And this is Maxie Rat passing her true shoulder rat final exam...









You might tell I'm already very proud of her as the final fountain is going off over us... This is no place for an average untrained rat to be and she was only 6 weeks old at the time...


----------



## KayRatz (Apr 5, 2007)

see I am not sure i would actually allow a rat loose on the ground outside... when i think shoulder rat i think rat that stays on your person. and i have gone everywhere with rats that way. stores, malls, festivals, etc etc.although there was one who followed me at heel, my heart rat zinc. she was not trained but i discovered this by accident. it was after the may 8thn 2009 storm in the midwest devastated my town and i walked the entire length of the town surveying the damage with zinc in my arms. a couple old ladies stopped to ask questions and asked if she would run away. i said no... and set her down, and she did not run away. she just followed me. i had never done this before but i think she and i had a deep connection and i knew she would not be lost.


----------



## Rat Daddy (Sep 25, 2011)

You're actually describing what is pretty typical behavior of true shoulder rats. They tend to stay pretty much right near you and walk at heel.


Fuzzy Rat love to run away and go off and explore on her own. At the park it became a running joke, "lost you Rat again?" people would commonly ask, when we would be recalling her because we had to go home. Fuzzy Rat was singularly competent and could smell or sense danger at a distance. We really never encouraged her to run away, but she was a very sneaky rat and she could tell when we looked away even for just a second. Eventually, we got pretty used to her shenanigans and if we were in a reasonably safe place, I would put her on the ground and tell her "go play" and she would weeble off to explore the tall grass or some dense vegetation. Fuzzy Rat had a real affinity for wild boy rats and we always had to be extra careful with her when we were near any place that wild boy rats lived. The first time Fuzzy Rat ran away she was only four weeks old and my five-year-old daughter started crying. To be honest, I pretty much figured Fuzzy Rat was a goner. But I sat down with my daughter and I quietly reassured her that Fuzzy Rat loved her very much and would most certainly come back. And no, I don't normally lie to my daughter. After 45 very long minutes, I saw Fuzzy Rat's nose poking out of the hedges she had run off into and she came right back to us. I was honestly very impressed, but we moved her further training to the safe site anyway. It took me a long time to get used to having a rat that was competent enough to free range outdoors unsupervised. And it really is very stressful not knowing where your rat is. But there really is something very reassuring in knowing that your rat won't get lost and will always come back.

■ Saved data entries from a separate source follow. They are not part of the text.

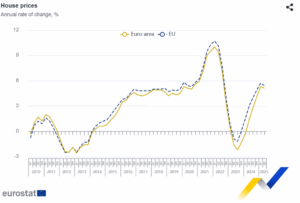 Si hablamos de la eurozona, en el primer trimestre de 2025, los precios de la vivienda aumentaron un 5,3 % y en el segundo un 5,1 % en comparación con el mismo trimestre del año anterior.
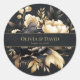 This round wedding sticker features dramatic black peonies accented with soft gold details, perfect for sealing envelopes or decorating wedding décor. Designed to coordinate with black and gold peony wedding stationery suites, it adds a cohesive and luxurious finishing touch. Fully customizable with names, initials, or dates, it works beautifully for invitations, favor packaging, or thank you cards. Ideal for gothic, romantic, or witchy wedding aesthetics. A small detail with a strong visual impact.
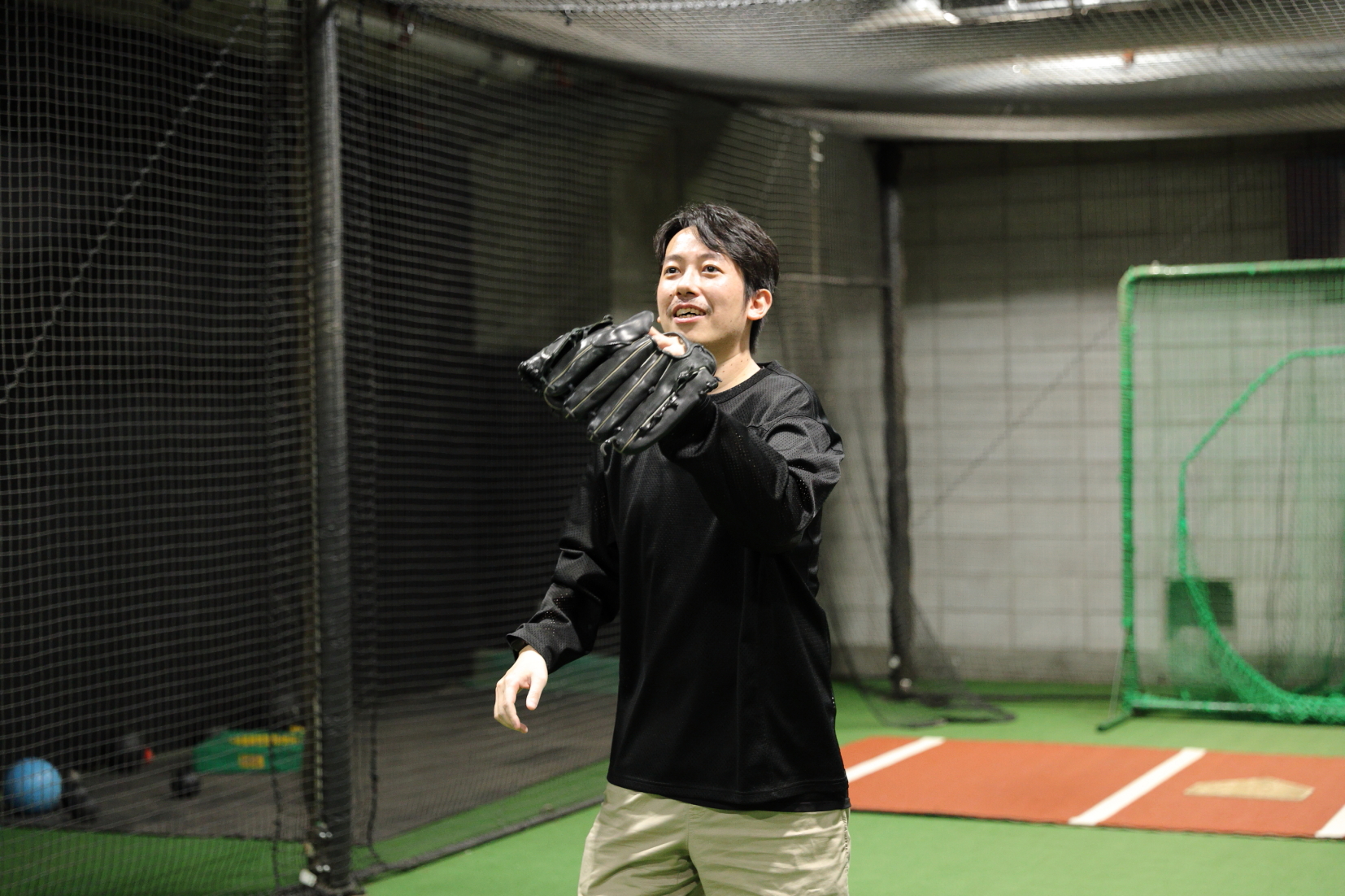宮田 昇始(以下、宮田):今日の取材で初めて外苑前野球ジムへ来たのですが、想像以上に本格的なジムで驚いています。野球場みたいなマウンドだ……。取材前にキャッチボールもさせてもらったのですが、これは気持ちがいいですね!
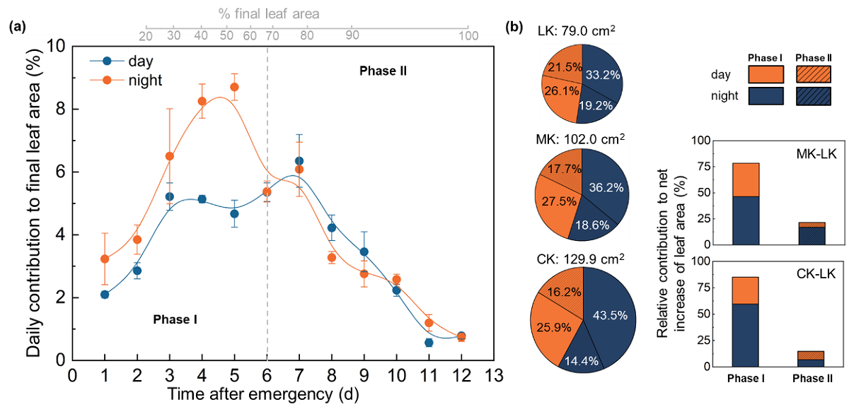 进一步研究了不同钾营养条件下油菜叶片昼夜生长特征、同化物合成和水力学特性等,结果发现钾素营养主要通过调控夜间叶片生长来影响叶面积(>60%),且集中在叶片由库向源转换之前(叶片面积达到2/3总面积)。夜间植物蒸腾耗水量低,根压作用使植物细胞水分充盈,充足的钾营养保证了白天叶片较高的光合固碳效率和碳储量,同时促进了成熟叶片碳水化合物往新叶的输出,从而保证了夜间叶片生长充足的碳源。白天,植物维持气孔开放以尽可能多的固定空气中的CO2,但同时散失了大量的水分。适宜的钾供应提升叶片水分供应效率的同时增加了叶肉细胞渗透调节物质浓度(钾离子和碳水化合物),从而保证了白天叶片的生长。研究揭示了钾营养状况通过影响叶片光合产物的合成和水分运输,调控叶片昼夜节律生长的生理机制。
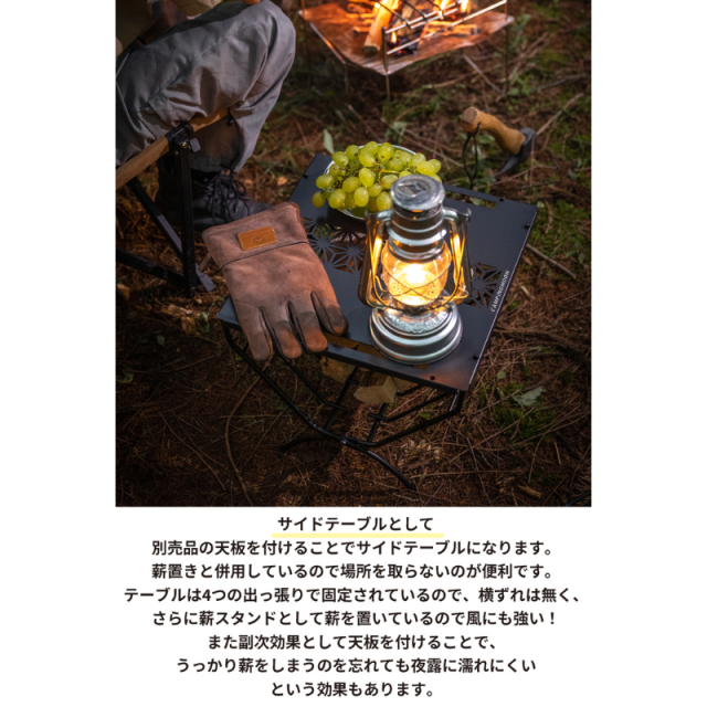 ■ファイヤーサイドテーブルとして(別売品)■別売の天板を付けることでサイドテーブルになります。薪置きと併用しているので場所を取らないのが便利です。
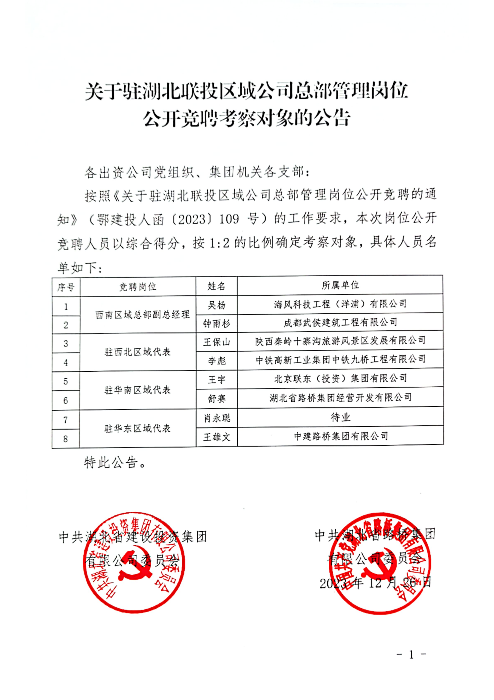 湖北省建設(shè)投資集團有限公司、湖北省路橋集團有限公司駐湖北聯(lián)投區(qū)域公司總部管理崗位公開競聘報名初審公示
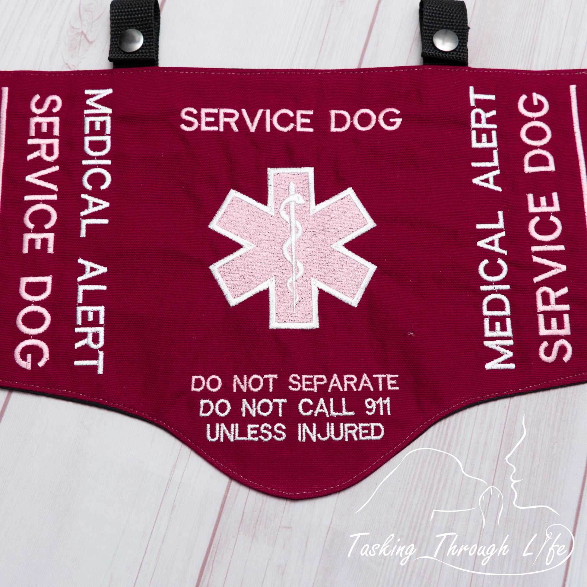 New Burgundy cotton canvas cape with white and pink text and standard 7" spaced harness straps. .

Cloudy Rat never ran off, she was always very good at staying with us. And then one day my daughter lost her in a marsh. Some kids saw her heading back to the playground, but there were a lot of people there and I guess she wasn't confident enough to come out of the underbrush. Naturally we did the best we ccould do in searching the marsh, but finding a tiny rat in a big salt marsh at low tide is a lot harder than finding a needle in a haystack. After about an hour, I decided she was most likely tired of exploring and should theoretically be back at the place she fell into the marsh. That would most likely be the place in her mind where she last saw us and that's right where we found her, sitting there in a small patch of poison ivy waiting to be picked up. Even though Cloudy Rat that never wandered off on her own, it truly felt great to see just how cool and composed she was and how competent she had become. Not being able to find us, mostly because we were looking for her, she did the next best thing, she went right back to the spot where she lost us and waited to be rescued. The ability to stay calm and never panic and to make smart choices on the spot is what differentiates a true shoulder rat from any other rat. True shoulder rats are very remarkable animals. And they are really a privilege to work with.

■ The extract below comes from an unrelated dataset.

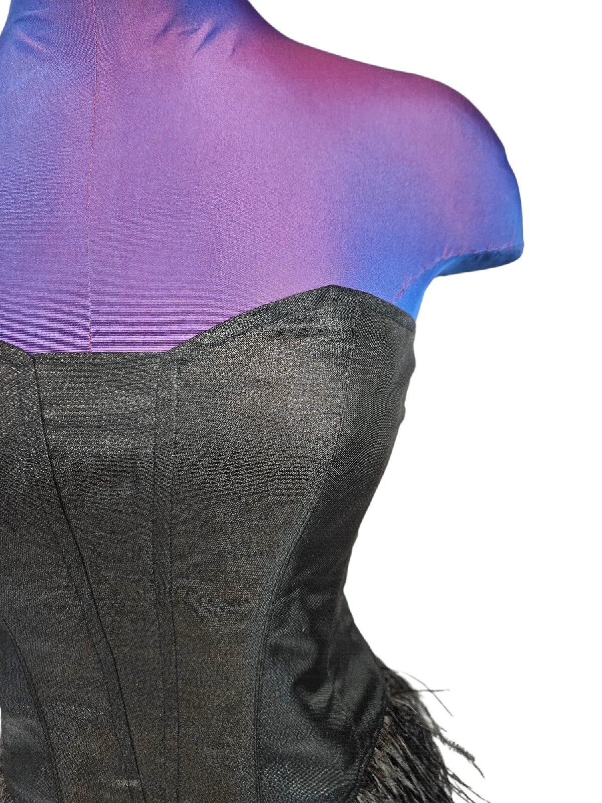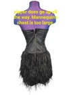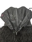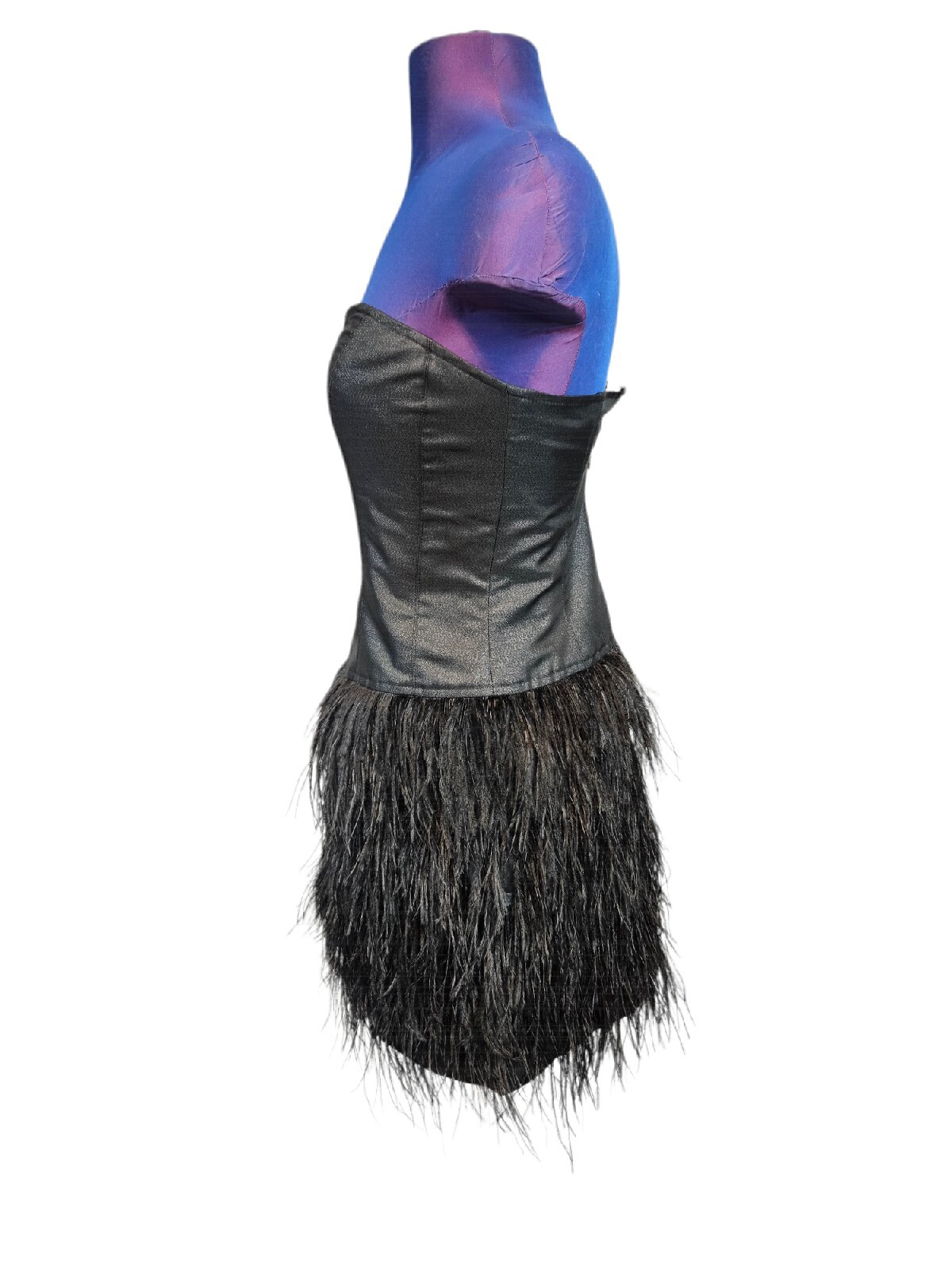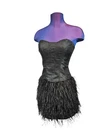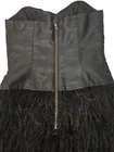 Betsey Johnson Black Faux Leather Ostrich Feather Strapless Dress Size 0 Women's. In like new condition Betsey Johnson Black Faux Leather Ostrich Feather Strapless Dress Size 0 Women's. Features sexy and chic black faux leather strapless corset dress with ostrich feather skirt, corset faux leather has a light silver sparkle, boned top, layered ostrich feather skirt, fully lined. This cocktail dress is sure to turn heads! Measurements laying flat chest 15" waist 13" length 25" to dress hem Fabric polyester and ostrich feathers This is a pre-owned item that may show signs of wear. In like new condition, no flaws.

One of the tests that we do at the safe site when training our true shoulder rats is to encourage them to wander off a little bit on their own, or in some cases we tend to drift away a little bit to see how they react. Fuzzy Rat had excellent eyesight, she would always go back to the place she last saw us and then look around until she could see us and run straight to us. Every rat will react slightly differently to this worst-case scenario, but in order to be a true shoulder rat they have to stay calm and remain predictable. If the rat panics and starts behaving erratically it's going to get lost in the real world. In a world of open sewer drains, tall grass, hedges, shrubs and infinite places for a rat to hide, any rat that panics is going to get lost eventually.


From what you described, I think Zinc was probably an excellent shoulder rat right from birth she had all the qualities necessary to be successful. There's a lot of things that you can do to train and test the shoulder rat to make it better, but without the right rat to work with you're never going to be completely successful. The very best true shoulder rats are born that way, then there are some that you can train, but for the most part most rats are best never allowed to free range outdoors.


Fuzzy Rat was unquestionably a heart rat like Zinc. Naturally born true shoulder rats almost inevitably become heart rats. There's something almost charismatic about them and although it's almost impossible to describe, you just know they're special.


----------



## Guzzi (Oct 23, 2015)

moonkissed said:


> They have bonding pouches or a RaToob you could use as well.


THANK YOU!!!! I've been trying to remember what these were called. I tried googling them as "rat tube" and, well.... errrr.....yes.... It wasn't that! :blush:


----------



## ElectricPaladin (Jan 18, 2016)

I wanted to add that one of our rats, Mel, is basically a "hood rat." Not in the racist sense. She's pretty twitchy - much more neurotic than her roomate - but if I put a hoodie on and put the hood up, she will not only alternately happily curl up next to my head, chew on my necklace chain, and groom me, but she'll actively fight being dug out. It's the weirdest thing. I'm actually increasingly confident enough that I would walk around outside with her extendedly, pretty sure that she's going to stay in there.


----------



## Gribouilli (Dec 25, 2015)

I love my ratoob. Use it everyday. Great investment, and it is only about $13 if I remember well.


----------